We already know how to get our Telegram API Token: after having obtained it, we open bot.py and paste it as follows:

TOKEN = ""

We can then import everything we need:

from gradio_client import Client
from utils import *
from sentence_transformers import SentenceTransformer
from qdrant_client import QdrantClient
from telegram.ext import *

And set some pre-defined variables:

client = QdrantClient("localhost:6333")
encoder = SentenceTransformer("all-MiniLM-L6-v2")
collection_name = ""
api_client = Client("eswardivi/Phi-3-mini-128k-instruct")
lan = "en"

5a. Start the Conversation

First of all, we need to start the conversation with the user and understand in what language will they provide their PDFs:

LAN = 1 # conversation handler index
async def start_command(update, context):
    user = update.message.from_user
    await update.message.reply_text(f"Hi {user.first_name} {user.last_name}, and thank you so much for having chosen RAGBOT as your assistant today!\nI'm here to help you chatting with your pdfs, so let's start with an ice-breaking question: what language is your pdf written in? Reply with the command '/lan' followed by the ISO code of the language, that you can find here: https://en.wikipedia.org/wiki/List_of_ISO_639_language_codes. For example, if your pdfs are in Italian, reply: '/lan it' (without quotation marks)")
    return LAN
async def handle_lan(update, context):
    global lan
    message = update.message.text
    message = message.replace("/lan ", "")
    lan = message
    txt = Translation(f"Now the language has been changed to {lan}", lan)
    await update.message.reply_text(txt.translatef())
    return ConversationHandler.END

NOTE: we need to provide the language with the ISO code (English becomes "en", Italian becomes "it" and so on...)

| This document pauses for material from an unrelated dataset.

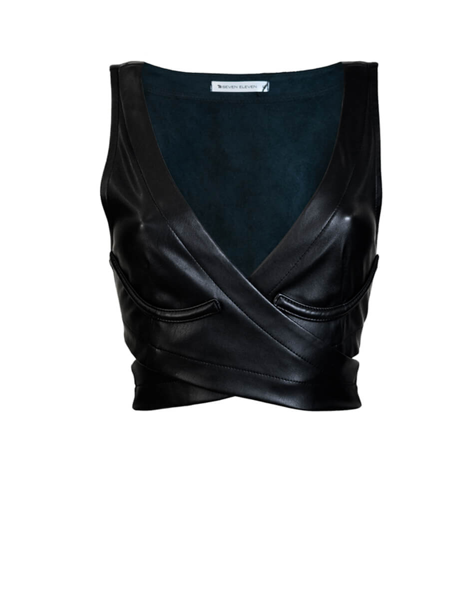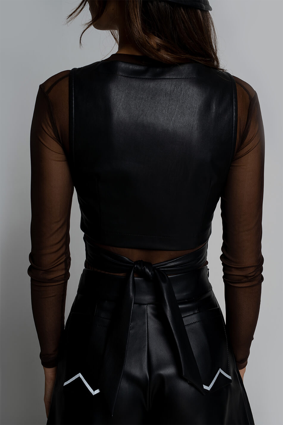 Доставка впродовж 2-5 робочих днівТоп на запах з Y-подібним вирізом, виконаний з еко-шкіри, на зав’язках. У вигляді декору настрочені тунелі, що імітують кісточки бюста. Носити можна окремо, як топ, а можна надягати поверх світшота, піджака, сорочки.

5b. Upload the PDF Document

Now that we have started the conversation and set the language, we can pass our first PDF document, that will be handled by our handle_pdfs function:

async def handle_pdfs(update, context):
    global collection_name
    global lan
    if update.message.document:
        doc = update.message.document
        inf = "downloaded_from_user.pdf"
        fid = doc.file_id
        print(fid)
        # Download the file from Telegram to the local directory
        await (await context.bot.get_file(fid)).download_to_drive(custom_path=inf)
        pdfdb = PDFdatabase([inf], encoder, client)
        pdfdb.preprocess()
        collection_name = pdfdb.collect_data()
        pdfdb.qdrant_collection_and_upload()
        txt = Translation("Your document has been succesfully uploaded to a Qdrant collection!", lan)
        await update.message.reply_text(txt.translatef())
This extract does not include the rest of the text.